Task
What you return should be the complete data below, word for word, with no pictures in it.

Data extract
====================

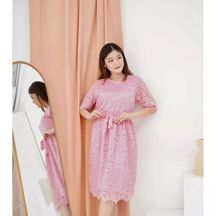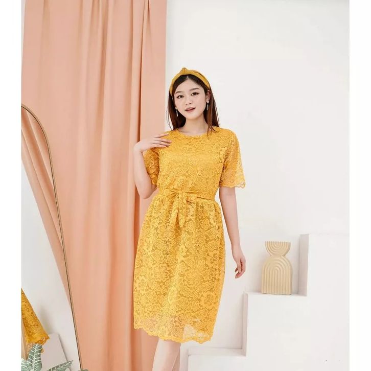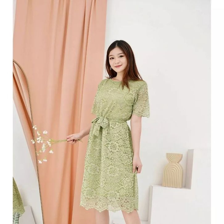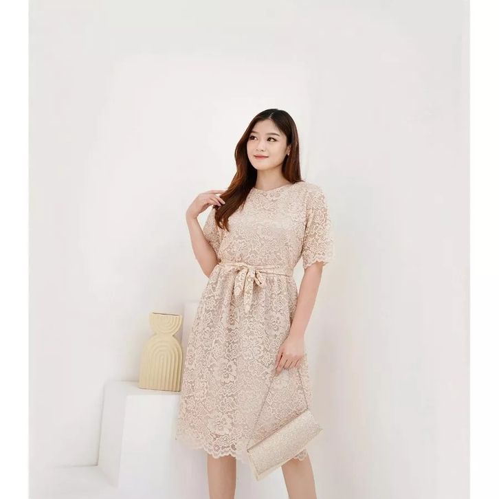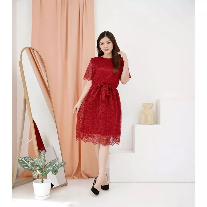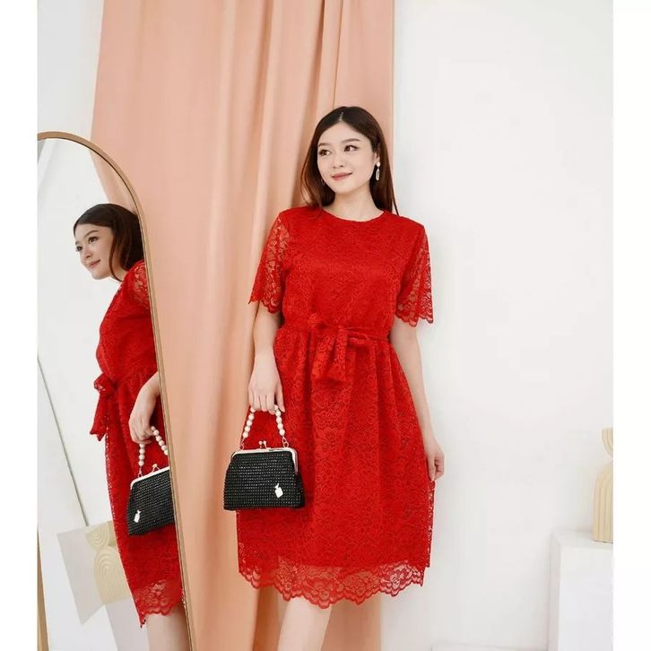 Melisa Dress Brukat Corneli Tebal Dengan Belt Dress Kondangan Natal Gereja Imlek Dress Natal Dress Wanita Kekinian 2025
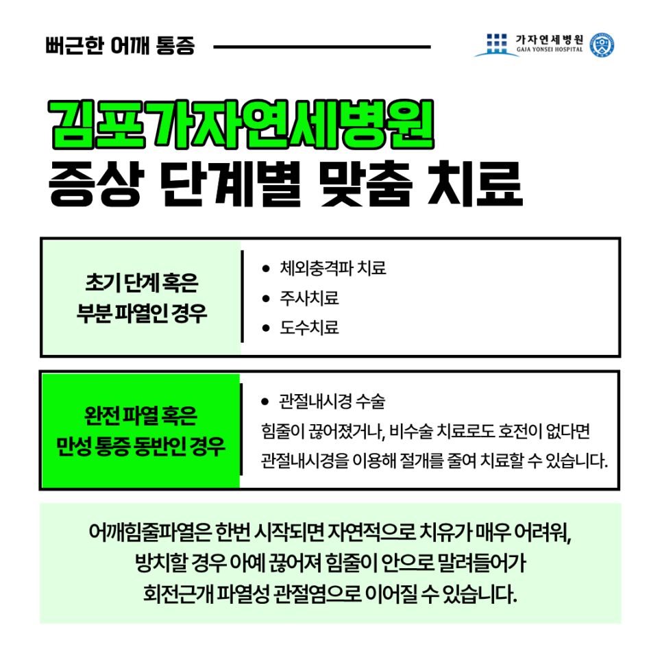 김포가자연세병원은 단순히 통증만을 지우는 것이 아니라, 환자분이 다시 좋아하는 운동을 즐기고 편안하게 잠들 수 있는 일상을 되찾아드리는 것을 목표로 합니다. 풍무동, 고촌, 구래동 등 김포 지역 주민들의 어깨 건강을 책임지는 주치의로서, 과잉 진료 없이 환자의 상태에 가장 적합한 정직한 치료만을 제안하겠습니다. 추가적인 문의가 있으시다면 내원하여 상담받아보시기 바랍니다.
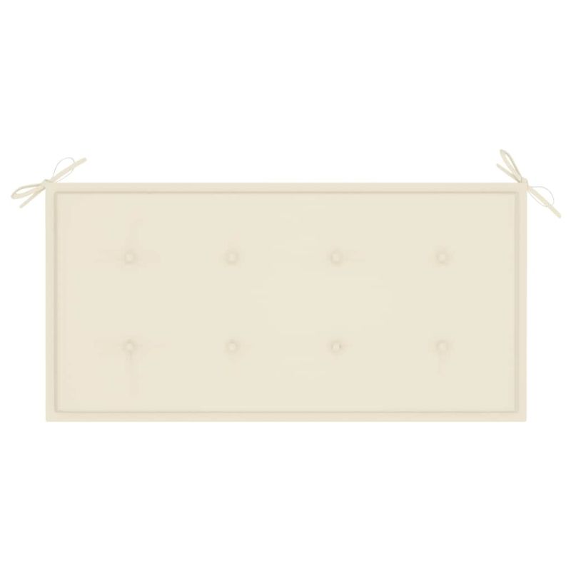Градинска пейка с кремава възглавница, 112 см, тик масив
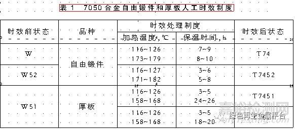 7050合金鍛件的固溶處理溫度468℃~474℃,在54℃~66℃溫水中淬火(按Q/6SZ925);厚板固溶處理溫度471℃~482℃,在室溫涼水中淬火,轉(zhuǎn)移時(shí)間≤15S,最好在輥底式爐內(nèi)固溶爐內(nèi)處理,人工時(shí)效制度見表1。

====================

Output for this exercise
 Melisa Dress Brukat Corneli Tebal Dengan Belt Dress Kondangan Natal Gereja Imlek Dress Natal Dress Wanita Kekinian 2025
 김포가자연세병원은 단순히 통증만을 지우는 것이 아니라, 환자분이 다시 좋아하는 운동을 즐기고 편안하게 잠들 수 있는 일상을 되찾아드리는 것을 목표로 합니다. 풍무동, 고촌, 구래동 등 김포 지역 주민들의 어깨 건강을 책임지는 주치의로서, 과잉 진료 없이 환자의 상태에 가장 적합한 정직한 치료만을 제안하겠습니다. 추가적인 문의가 있으시다면 내원하여 상담받아보시기 바랍니다.
Градинска пейка с кремава възглавница, 112 см, тик масив
 7050合金鍛件的固溶處理溫度468℃~474℃,在54℃~66℃溫水中淬火(按Q/6SZ925);厚板固溶處理溫度471℃~482℃,在室溫涼水中淬火,轉(zhuǎn)移時(shí)間≤15S,最好在輥底式爐內(nèi)固溶爐內(nèi)處理,人工時(shí)效制度見表1。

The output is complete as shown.